These are all the points I wish to bring before the House. The particular point to which I intended to refer was the question of the Boundary, so that we might have from the Prime Minister a statement that would carry such weight as would settle the matter in the minds of the people so far as Ulster is concerned. I thank the Prime Minister for that statement. It was most handsomely, unreservedly, and courageously made. I do hope that in these other matters to which I have alluded the Government will do all they can. I know we have our representatives in the British House of Commons, but at the same time the voice of Ulster as coming from this House and from the Government will strengthen the hands of our representatives in the British House of Commons, and will secure for us the right of free entry into the ports of Great Britain such as we accord to that country.

The PARLIAMENTARY SECRETARY TO THE MINISTRY OF FINANCE (Captain Dixon): I have been asked to reply to the points raised by the hon.
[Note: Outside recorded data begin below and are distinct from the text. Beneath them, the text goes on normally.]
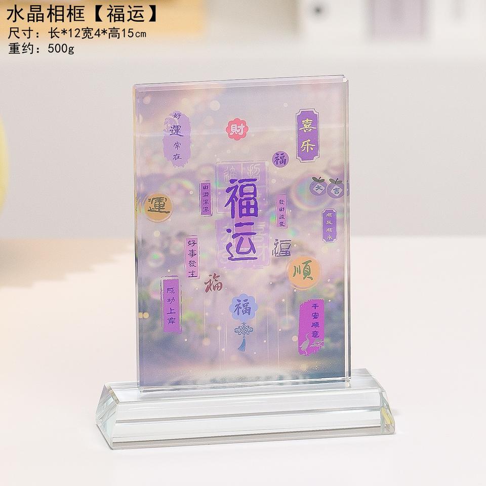 Cadre photo en cristal de style chinois, rectangulaire, impression numérique sur verre, décoration d'intérieur, cadeau porte-bonheur
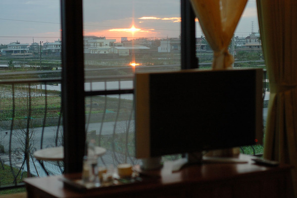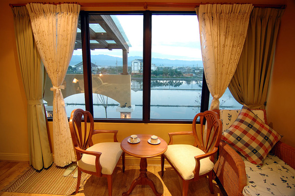 窗外的水田,正值二期稻作休耕期,放滿水的田地,營造出湖泊般的風味。
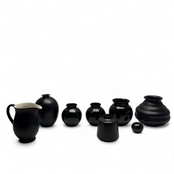 | Omschrijving | Acht zwart geglazuurde platelen vazen en een oorkan. Diverse fabrikanten oa Schoonhoven, Zentith. |
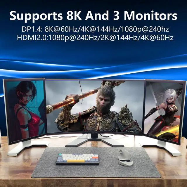 High Definition Display Effect: The video card is equipped with DP*1, HDMI*1, DVI*1 three output ports, which can support high-definition display of three monitors at the same time, greatly improving the game performance.
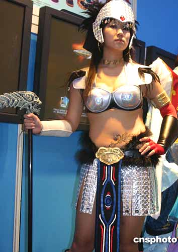 网络游戏《刀剑online》中的“妖女”原型,十二月四日在台北资讯月活动期间亮相。该游戏引自北京业者,在大陆十分火爆,充满古老中国的神幻和武术技巧。作者:董会峰
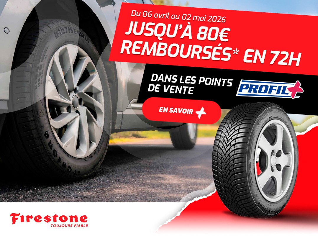 Du 06 avril au 02 mai 2026, bénéficiez de remboursements exceptionnels pour l’achat de pneus Firestone été, hiver ou toutes saisons, achetés, montés et équilibrés dans les centres Profil Plus participants. Offre valable à partir du 16 pouces, sur les gammes Tourisme, 4x4 et Camionnette.
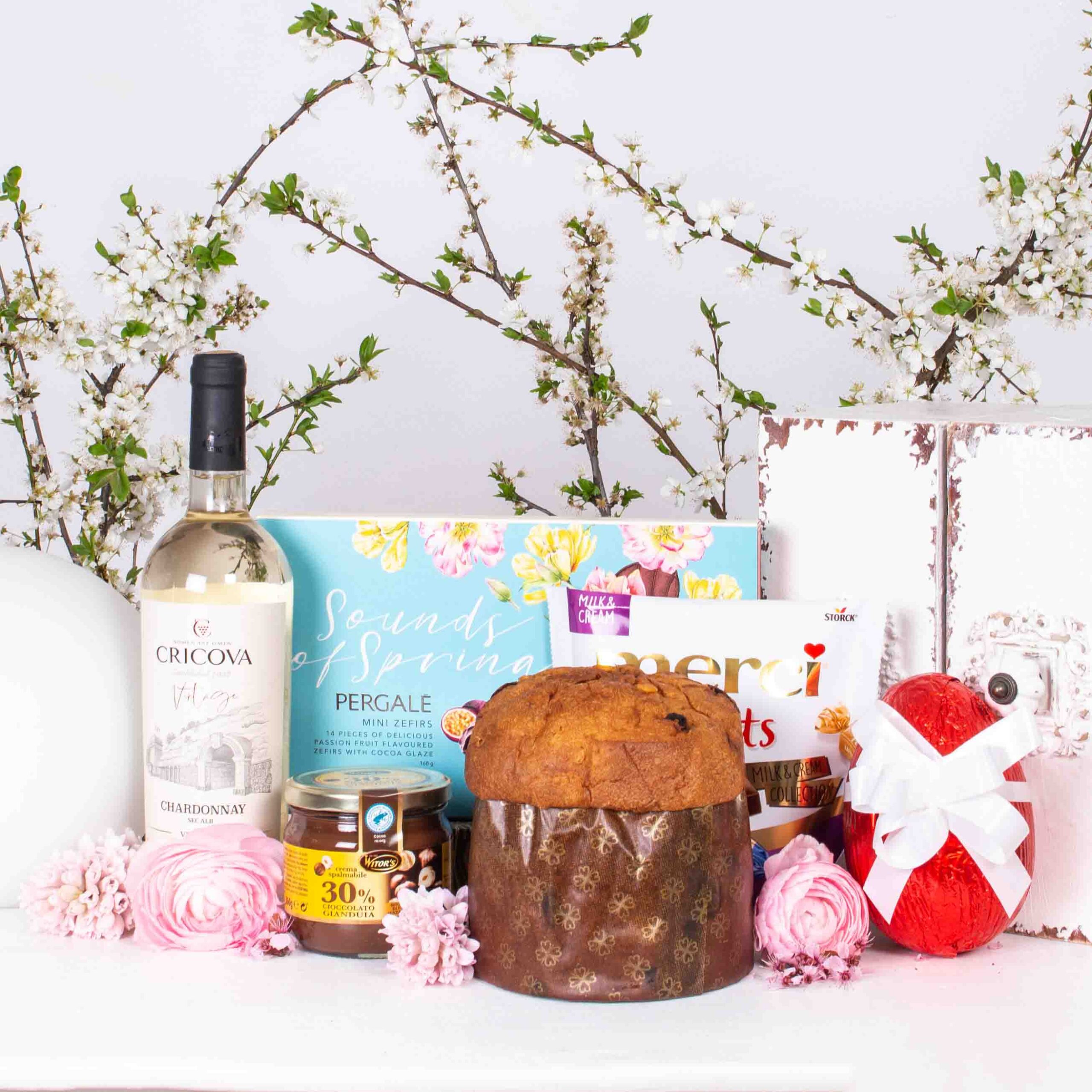 Easter gift baskets with traditional Easter cake with sweet cheese and raisins, Romanian traditional cozonac with Brandy syrup from Zexe Braserie (finger licking good, we promise!) , Pergale pralines with chocolate and milk, Pergale pralines with passion fruit, M & M’s Dragees with Chocolate, Roshen Chocolate Wafers, Ferrero Rocher Chocolate Candies , Witor Dark Chocolate Spread Cream, Milk Chocolate Eggs, Kinder Surprise Eggs, Kinder Chocolate, Knoppers Wafers , Assorted Merci Pralines, Reggiano Zanetti Parmesan , Franz Josef Balsamic Vinegar, Silvania Gourmet Raw-dried deer delicacy , Fuet Espetec Raw-dried Catalan specialty , Well-chosen pasta and sauces, Cricova Vintage Cabernet red dry wine – Sauvignon, Cricova Vintage white dry wine – Chardonnay and Moet Champagne are the most appreciated.

Member for Tyrone, and might I say I think the Government are under an obligation to him for some very helpful criticism. The first point he raised was with regard to cottages for ex-servicemen. This question was one that affected the British Exchequer only. The print that was made in the Imperial House was that the money for ex-Servicemen's houses was given by the British people as a token of thanks to Irish ex-soldiers and they intended to keep control of this money. They went so far as to say that no matter what Committee was set up they would retain a majority on that Committee so as to control these funds. In the Imperial House of Commons we made exactly the same case as the hon. Member for Tyrone and Fermanagh has made here to-day, but they would not agree to our proposals. They will, however, set up an office in London which will carry on all the work now done in connection with this fund by the Local Government Board in the South, of Ireland and in Ulster, and no matter what happens the building of cottages for ex-Servicemen will continue. That was made perfectly clear, and I hope that the reply will satisfy my hon. Friend. The point really is this: this is not a Southern Ireland fund or a Northern Ireland fund. It is a British fund. The people in Great Britain are perfectly satisfied to carry on in the way they are doing now, getting the help which

will be given them by our Government. Whether the Southern Government will make it possible for them to carry on in the South or not is a question I cannot answer, and I do not think that at the moment it affects us. I can assure my hon. Friend that the building of these houses will continue, and that in no case will the Ulsterman suffer. May I quote what I said in the Imperial House?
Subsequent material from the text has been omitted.